Это приводит нас ко второму главному возражению, которое Энгельс сделал против меринговской "Легенды о Лессинге". Он требует, чтобы Меринг изобразил "местную историю Пруссии как часть общенемецкого убожества"[310]. И, развивая эту мысль, он дает очень ясное методологическое указание: "При изучении немецкой истории, которая ведь представляет собой одно сплошное убожество, я всегда находил, что лишь сравнение с соответствующими французскими эпохами дает в руки надлежащий масштаб, потому что там происходит как раз обратное тому, что у нас". И он набрасывает далее сжатый обзор этих необходимых для исторического понимания контрастов между немецкой историей и французской, метод, который всегда применялся Марксом с огромной энергией в его передовых статьях в "Новой рейнской газете". Эти критические соображения Энгельса прошли мимо Меринга совершенно бесследно. Несмотря на его универсальное знание всей европейской литературы, Меринг всегда рассматривает историю немецкой литературы с узкой, чисто немецкой, провинциальной точки зрения. И оттого, что он оставил без внимания критику Энгельса, его изображение немецкого убожества часто страдает схематичностью; оно вырождается в простую "социологию" быта в маленьких немецких государствах и городах, отнюдь не охватывая во всей широте тех проблем, которые, начиная с XVI века, составляли особенность капиталистического развития в Германии и которые неоднократно излагались с таким блеском Марксом и Энгельсом.

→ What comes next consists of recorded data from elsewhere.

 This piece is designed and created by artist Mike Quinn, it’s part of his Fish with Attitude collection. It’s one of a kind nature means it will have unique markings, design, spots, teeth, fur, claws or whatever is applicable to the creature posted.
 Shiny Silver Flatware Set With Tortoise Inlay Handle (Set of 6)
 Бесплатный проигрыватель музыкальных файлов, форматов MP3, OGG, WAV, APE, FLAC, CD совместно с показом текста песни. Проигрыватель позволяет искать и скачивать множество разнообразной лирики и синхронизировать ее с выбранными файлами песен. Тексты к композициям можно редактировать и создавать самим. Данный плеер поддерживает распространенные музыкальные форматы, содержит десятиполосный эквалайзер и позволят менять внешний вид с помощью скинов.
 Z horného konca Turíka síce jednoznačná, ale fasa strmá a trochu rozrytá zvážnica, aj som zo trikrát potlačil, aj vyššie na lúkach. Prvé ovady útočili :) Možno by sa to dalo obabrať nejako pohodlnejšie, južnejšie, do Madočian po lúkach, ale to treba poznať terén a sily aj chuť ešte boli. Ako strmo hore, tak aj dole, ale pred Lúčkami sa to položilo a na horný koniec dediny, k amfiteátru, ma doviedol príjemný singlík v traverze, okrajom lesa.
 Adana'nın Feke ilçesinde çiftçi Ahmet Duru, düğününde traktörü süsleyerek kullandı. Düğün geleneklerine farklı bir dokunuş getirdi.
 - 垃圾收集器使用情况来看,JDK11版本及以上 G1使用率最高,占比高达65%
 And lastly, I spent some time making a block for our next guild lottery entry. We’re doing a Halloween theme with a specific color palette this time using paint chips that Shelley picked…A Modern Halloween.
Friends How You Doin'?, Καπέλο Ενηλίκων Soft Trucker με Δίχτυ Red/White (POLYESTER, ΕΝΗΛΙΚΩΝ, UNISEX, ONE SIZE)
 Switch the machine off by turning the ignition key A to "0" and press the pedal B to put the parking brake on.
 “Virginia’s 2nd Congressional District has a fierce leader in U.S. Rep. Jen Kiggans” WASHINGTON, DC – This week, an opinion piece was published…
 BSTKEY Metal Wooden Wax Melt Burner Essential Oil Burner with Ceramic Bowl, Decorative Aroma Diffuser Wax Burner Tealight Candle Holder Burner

Этот провинциализм, находящийся в теснейшей связи со всей идеалистической эстетикой Меринга, привет к тому, что в его истории литературы оставлен без всякого внимания великий революционный реализм Англии и Франции. Несмотря на то, что Мерингу из его занятий Лессингом или Гёте было отлично известно, какое решающее влияние оказал этот реализм на духовное развитие Германии, говоря о западных реалистах, он нередко извращает всю историческую перспективу. В этом отношении чрезвычайно характерно следующее место из статьи Меринга о Золя: "Натурализм Руссо и Дидро, как и Бальзака и Золя, имеет, несомненно, общую тенденцию: это бегство искусства из состояния общественного вырождения, возвращение в спасительные "объятия природы"[311]. Нам кажется, что наши слова об "извращении перспективы" слишком слабы для обозначения взгляда, который не признает, что Шиллер бежал от действительности, а для Дидро и Бальзака считает это бегство доказанным.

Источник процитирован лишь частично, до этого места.